Note: the daft Python package is useful for making pretty PGMs.

Exercise: linear regression

Your data is a list of $\{x_k,y_k,\sigma_k\}$ triplets, where $\sigma_k$ is some estimate of the "error" on $y_k$. You think a linear model, $y(x)=a+bx$, might explain these data. To start exploring this idea, you decide to generate some simulated data, to compare with your real dataset.

In the absence of any better information, assume that $\vec{x}$ and $\vec{\sigma}$ are (somehow) known precisely, and that the "error" on $y_k$ is Gaussian (mean of $a+bx_k$ and standard deviation $\sigma_k$).

1. Draw the PGM, and write down the corresponding probability expressions, for this problem.

2. What (unspecified) assumptions, if any, would you have to make to actually generate data? Which assumptions do you think are unlikely to hold in practice? Choose one (or more) of these assumptions and work out how to generalize the PGM/generative model to avoid making it.

Bonus numerical exercise:

Extending the linear regression exercise, simulate a few data sets, given some values (your choice) for the input parameters. The commented code below is a (crummy) starting point.

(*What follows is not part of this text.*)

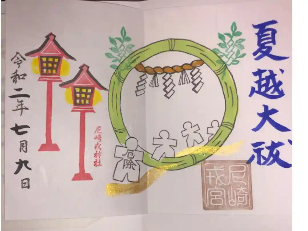 右側に「夏越大祓」と青で筆書きされ、「尼崎戎宮」印が押されています。
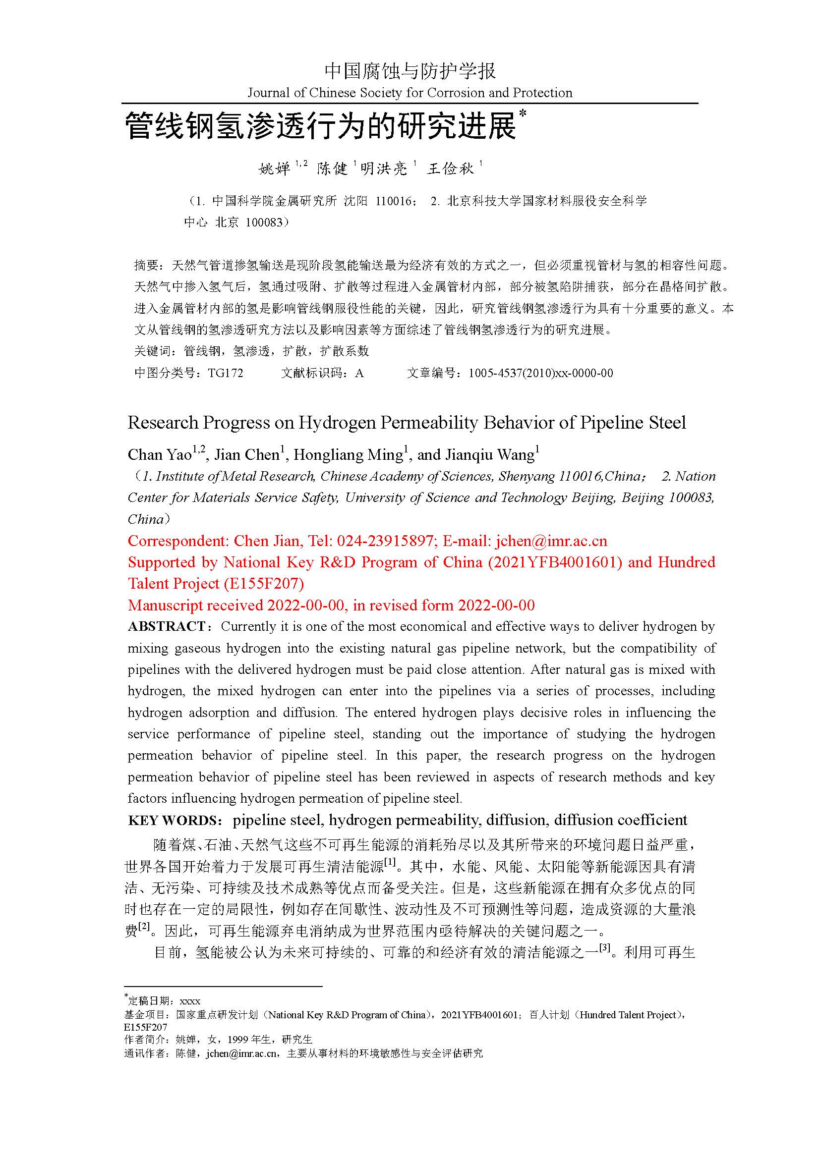 来源:中国腐蚀与防护学报

Bonus exercise: Exoplanet transit photometry

You've taken several images of a particular field, in order to record the transit of an exoplanet in front of a star (resulting in a temporary decrease in its brightness). Some kind of model, parametrized by $\theta$, describes the time series of the resulting flux. Before we get to measure a number of counts, however, each image is affected by time-specific variables, e.g. related to changing weather. To account for these, you've also measured 10 other stars in the same field in every exposure. The assumption is that the average intrinsic flux of these stars should be constant in time, so that they can be used to correct for photometric variations, putting the multiple measurements of the target star on the same scale.

Draw the PGM and write down the corresponding probability expressions for this problem.

Thanks to Anja von der Linden for inspiring (and then correcting) the above problem.

Bonus numerical exercise: Galaxy cluster center offsets

You've measured the centers of a sample of galaxy clusters in two ways: by choosing a brightest cluster galaxy (BCG) and by finding the centroid of each cluster's X-ray emission. The difference between the two should say something about the fidelity of the BCG selection method, among other things. The BCG positions are determined essentially perfectly, but the X-ray centroids come with a Gaussian statistical uncertainty of typically $\sim30$ kpc (standard deviation) in both the $x$ and $y$ directions.

The underlying model is assumed to be that the BCG and true X-ray centroid coincide perfectly in a fraction $f$ of clusters. In the remaining clusters, the true X-ray centroid and BCG are displaced according to a 2D Gaussian whose width in either direction is $\sigma$.

1. Draw the PGM and write down the corresponding probability expressions for this problem.
2. Simulate some data sets and visualize them, e.g. as a histogram of the offset distances.